Publication year - 1999
Publication title -
journal of applied microbiology
Language(s) - English
Resource type - Journals
SCImago Journal Rank - 0.889
H-Index - 156
eISSN - 1365-2672
pISSN - 1364-5072
DOI - 10.1046/j.1365-2672.1999.00887.x
Subject(s) - bacillus anthracis , anthrax toxin , gene , biology , mutant , genetics , gene expression , virulence , regulator gene , microbiology and biotechnology , fusion protein , bacteria , recombinant dna
The atxA gene is an important regulator of virulence gene expression in Bacillus anthracis . atxA positively regulates expression of the three genes encoding the anthrax toxin proteins and at least one gene is required for capsule production.
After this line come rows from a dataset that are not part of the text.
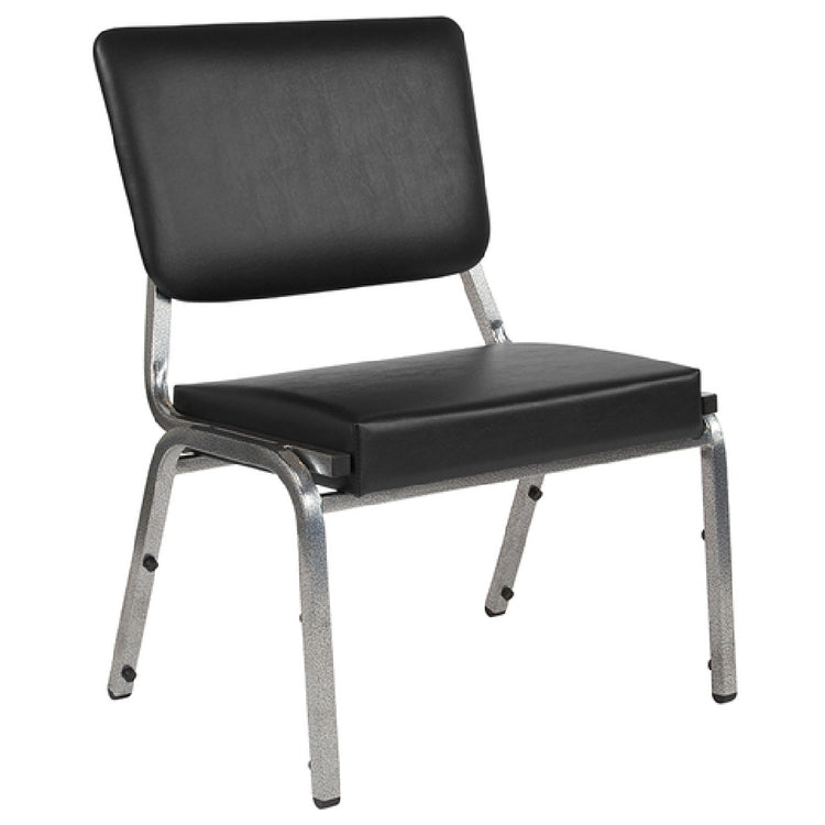 The Flash Furniture XU-DG-60442-660-2-BV-GG Hercules Series Bariatric Stacking Chair is a robust seating solution designed to accommodate up to 1500 lbs, making it ideal for bariatric healthcare facilities, event venues, and commercial spaces demanding durability and capacity. This chair features a plush 2-1/2" thick padded seat covered in vinyl upholstery, ensuring comfort and easy maintenance. The 3/4 open panel back enhances both style and structural support. Constructed with an 18-gauge steel frame, the chair boasts exceptional strength and stability, complemented by a silver vein frame finish that adds a sleek aesthetic touch. Safety and longevity are prioritized with CA117 fire retardant foam, plastic stacking bumper guards, and plastic floor glides, the latter of which protects flooring surfaces from damage. The chair's ability to stack up to 10 units high optimizes storage and floor space efficiency, making it suitable for dynamic environments where space is at a premium. Despite its substantial build, the chair requires assembly, allowing for convenient shipping and handling, and is generally ready for dispatch within 24 hours. This Hercules Series chair is a dependable choice for any setting requiring high-capacity seating options with a focus on strength and functionality.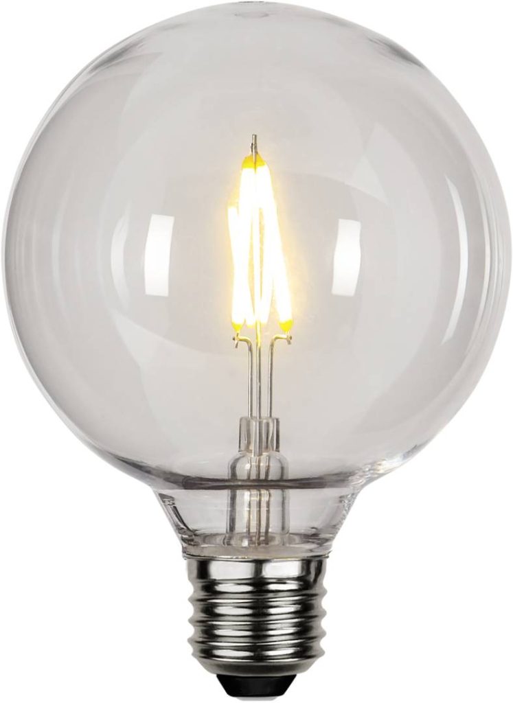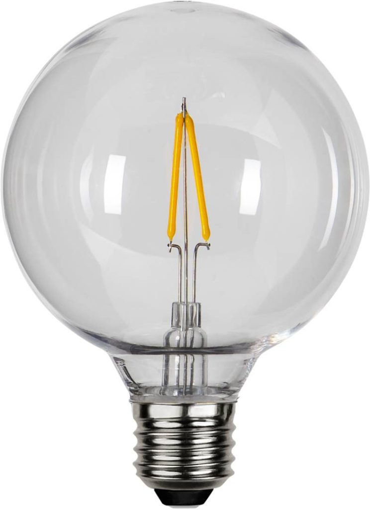 LED-lamppu kestävällä kirkkaalla muovikuvulla.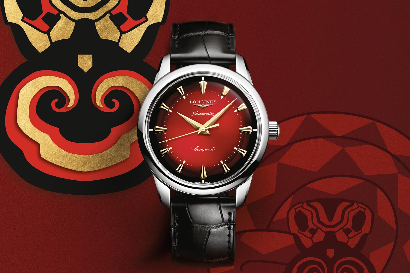 Ordinarily a faithful vintage remake with an old-school aesthetic, the Conquest Heritage gets a makeover for the Chinese Lunar New Year. The Conquest Heritage Year of the Snake stands out with a striking red gradient dial featuring gold-plated hands and indices. And for the occasion, the back bears an engraved snake motif penned by Chinese contemporary artist Wu Jian’an, who drew inspiration from the ancient Chinese fable, “Legend of the White Snake”.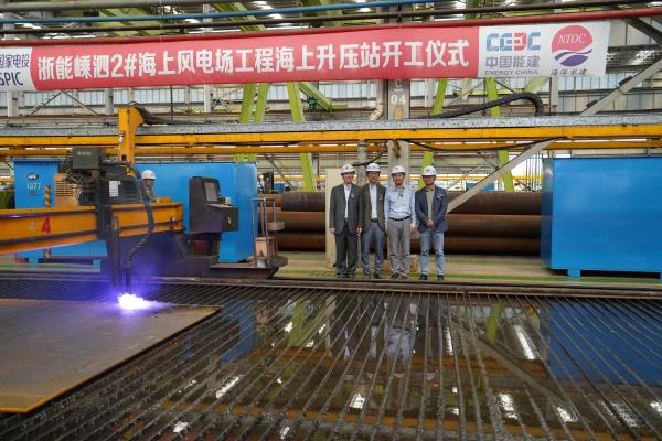 浙能國電投嵊泗2#海上升壓站開工儀式在業(yè)主單位和各參建單位代表共同聯(lián)手按下點火按鈕并成功開始切割后圓滿結束。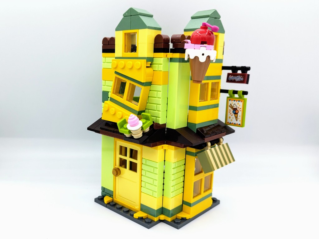 Der Sommer ist längst vorbei – aber Eisspezialitäten schmecken ja das ganze Jahr. Im LEGO Sortiment findet sich seit Anfang Juni gibt ein neuer steiniger Eissalon, in dem es magisch zubereitete Süßspeisen zu erwerben gibt. Zusammen mit Qualität für Quidditch ergänzt Fortescues Geschäft die Reihe der Gebäude der Winkelgasse. Die magische Einkaufsstraße im Herzen von London wird von LEGO nach den Sets 76422 Winkelgasse: Weasleys Zauberhafte Zauberscherze und 76439 Ollivanders & Madam Malkins Anzüge schon um die Gebäude fünf und sechs ergänzt.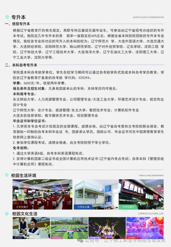 高校名称:辽宁轻工职业学院办学地点及校址:航空运输学院、智能制造学院、信息工程学院、艺术设计学院、纺织服装学院所有专业在金州校区就读,金州校区办学地点为:辽宁省大连市金州区金港路288号。财商文旅学院所有专业(酒店管理与数字化运营、大数据与会计、连锁经营与管理、休闲服务与管理、移动商务、跨境电子商务、市场营销、旅游管理、休闲体育)大一新生在开发区校区就读。开发区校区办学地点为:辽宁省大连市金州区东北三街26号。办学类型:普通高等学校(公办)办学层次:高职专科办学形式:全日制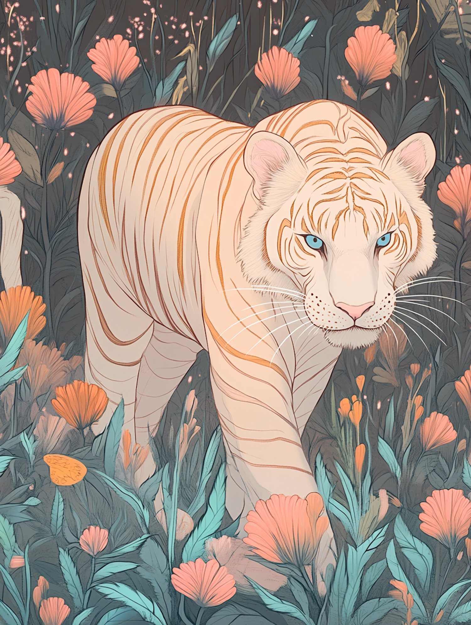Majestic white tiger with blue eyes prowling through a vibrant jungle of pink and orange flowers. Enchanting and dreamlike illustration.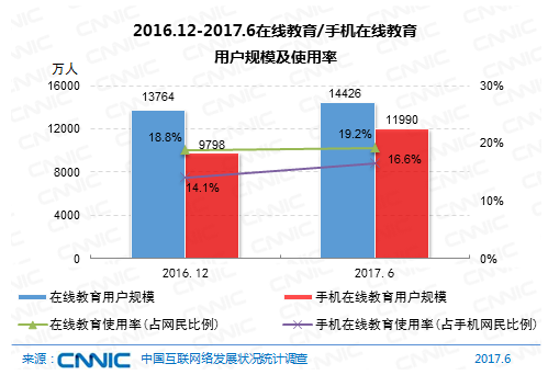 到2017年6月,我國(guó)在線教育用戶規(guī)劃達(dá)1.44億,較2016年末添加662萬(wàn)人,半年添加率為4.8%;在線教育用戶運(yùn)用率為19.2%,較2016年末添加0.4個(gè)百分點(diǎn)。其間,手機(jī)在線教育用戶規(guī)劃為1.20億,與2016年末比較添加2192萬(wàn)人,添加率為22.4%;手機(jī)在線教育用戶運(yùn)用率為16.6%,比較2016年末添加2.5個(gè)百分點(diǎn)。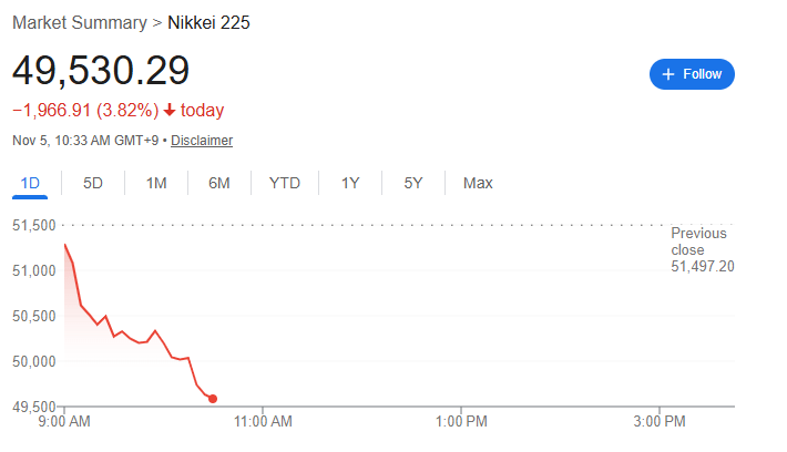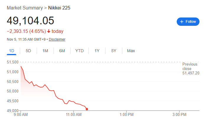 日经225指数跌幅持续扩大,截至发稿跌4.65%。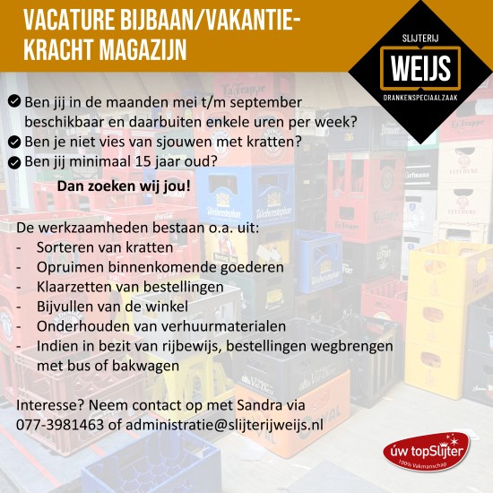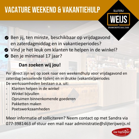 Vacatures: weekendhulp, bezorger voor een of meerdere dagen, vakantiekracht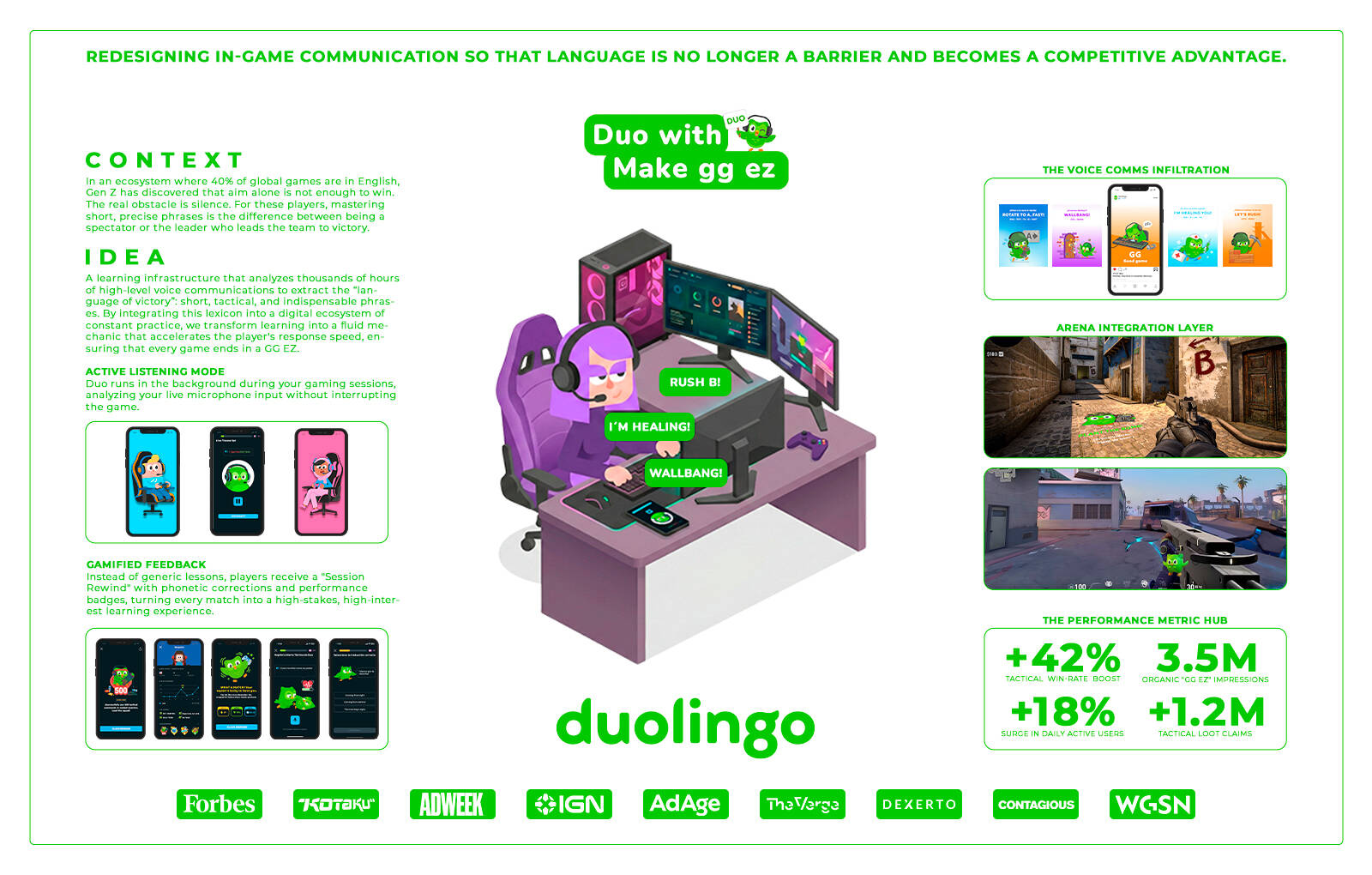 Duo with Duo is a learning infrastructure that transforms the battlefield into the ultimate language lab. By analyzing thousands of hours of high-level voice communications, we extract the "language of victory" to turn the competitive silence of 87% of Gen Z gamers into a real tactical advantage. Through real-time AI and in-game rewards, we make learning an essential buff so that every match ends with an GG EZ.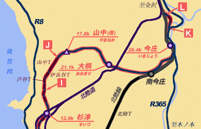 杉津から先は北陸道と別れることにより、人工的な音が周りから消えて、鳥のさえずりが急に耳に入るようになる。道の通行量は杉津までと変わらないのに、音が静かになるだけで、落ちついてトンネルの中なども観ることができるようになるのは、不思議なものである。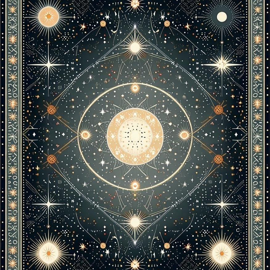 Celestial Phases with Sunburst and Astral Clockwork Motifs(Black)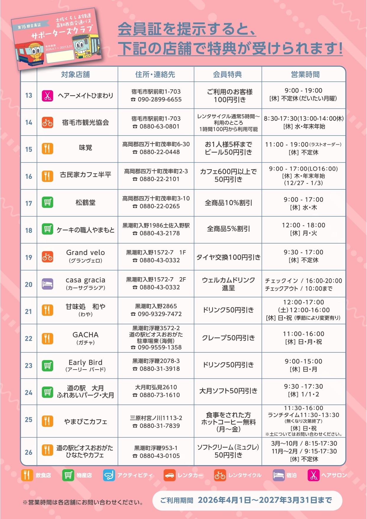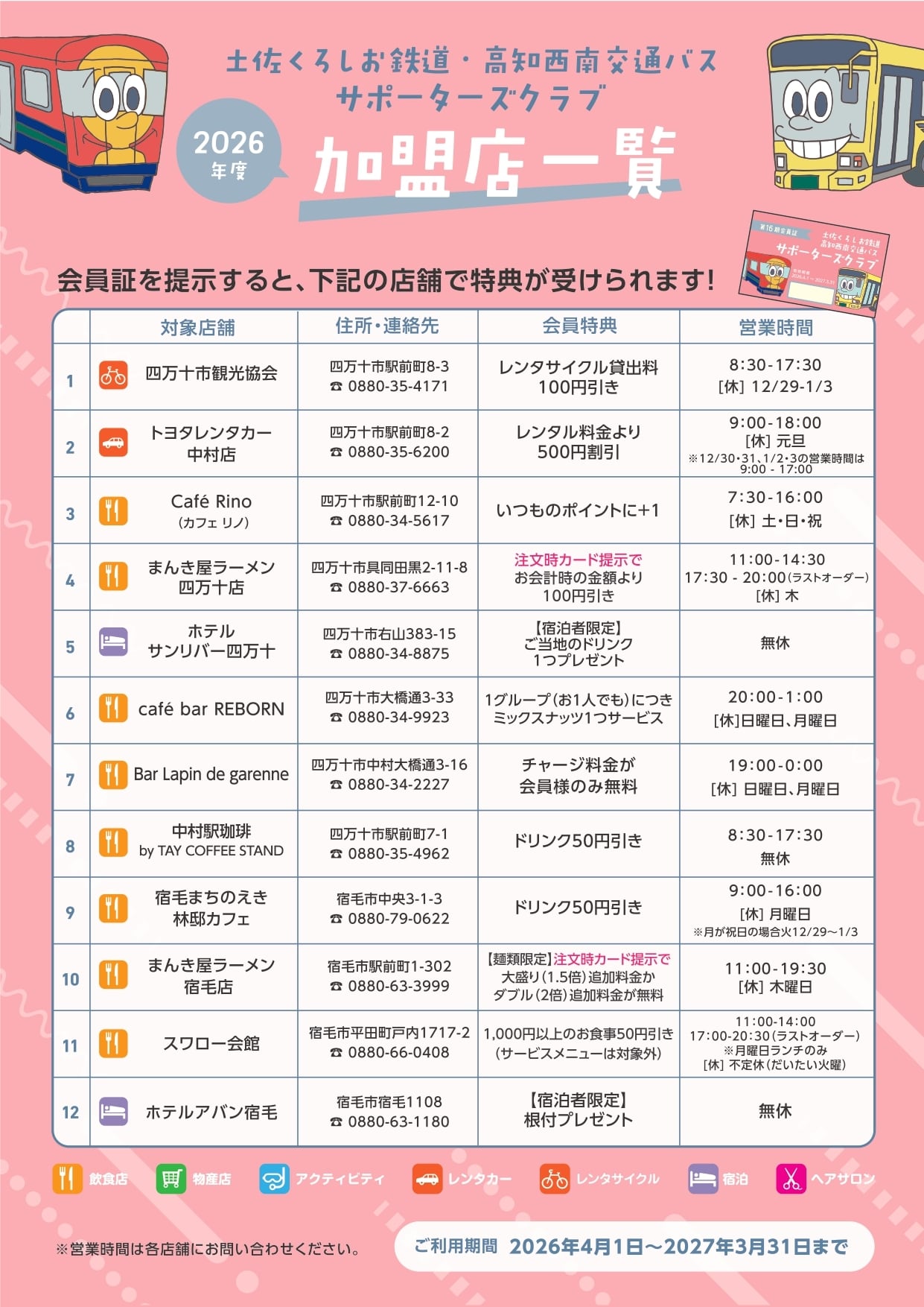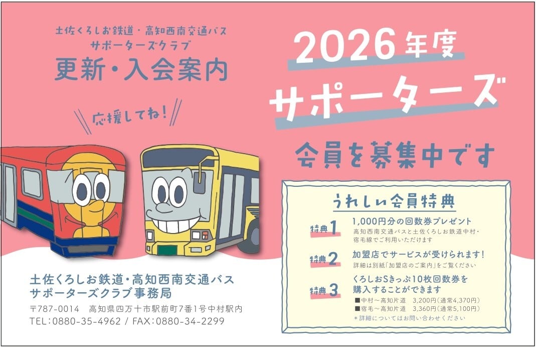 2026年度土佐くろしお鉄道・高知西南交通バスサポーターズクラブ会員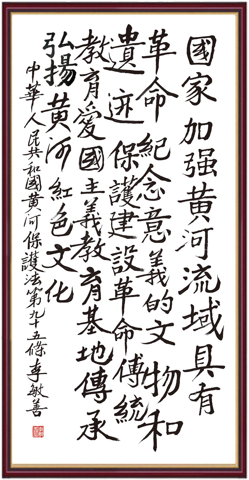 黃河寧,天下平。黃河是中華民族的發(fā)源地和搖籃,保護黃河是事關中華民族偉大復興的千秋大計。《中華人民共和國黃河保護法》為推進水資源節(jié)約集約利用、保護傳承弘揚黃河文化、推動黃河流域生態(tài)保護和高質量發(fā)展提供了有力法治保障。繼書寫《中華人民共和國民法典》《中華人民共和國憲法》《中華人民共和國澳門特別行政區(qū)基本法》《中華人民共和國香港特別行政區(qū)基本法》《中華人民共和國國旗法》《中華人民共和國國徽法》《中華人民共和國國歌法》《中華人民共和國法官法》等法律法規(guī)之后,法制日報社聯(lián)合沿黃九?。▍^(qū))司法廳、書法家協(xié)會,將筆端對準《中華人民共和國黃河保護法》。

Here we report that an atxA ‐null mutant exhibits phenotypes unrelated to toxin and capsule synthesis. An atxA ‐null mutant grows poorly on minimal media and sporulates more efficiently than the parent strain. Numerous transposon‐generated promoter‐ lacZ fusions at distinct loci on pXO1 exhibit CO 2 ‐enhanced atxA ‐dependent expression similar to that observed for the toxin genes. We also report that the atxA ‐activated pagA gene (encoding the protective antigen toxin protein) is co‐transcribed with a 300‐bp gene, pagR , located downstream of pagA . The predicted protein product of pagR has some amino acid sequence similarity to transcriptional regulators in other organisms. Our data indicate that pagR represses expression of pagA and atxA . pagR also controls expression of some CO 2 / atxA ‐activated transcriptional fusions on pXO1 that do not correspond to the toxin genes. Regulation of these fusions and pagA and pagR may be due to changes in AtxA levels, or may be independent of atxA expression.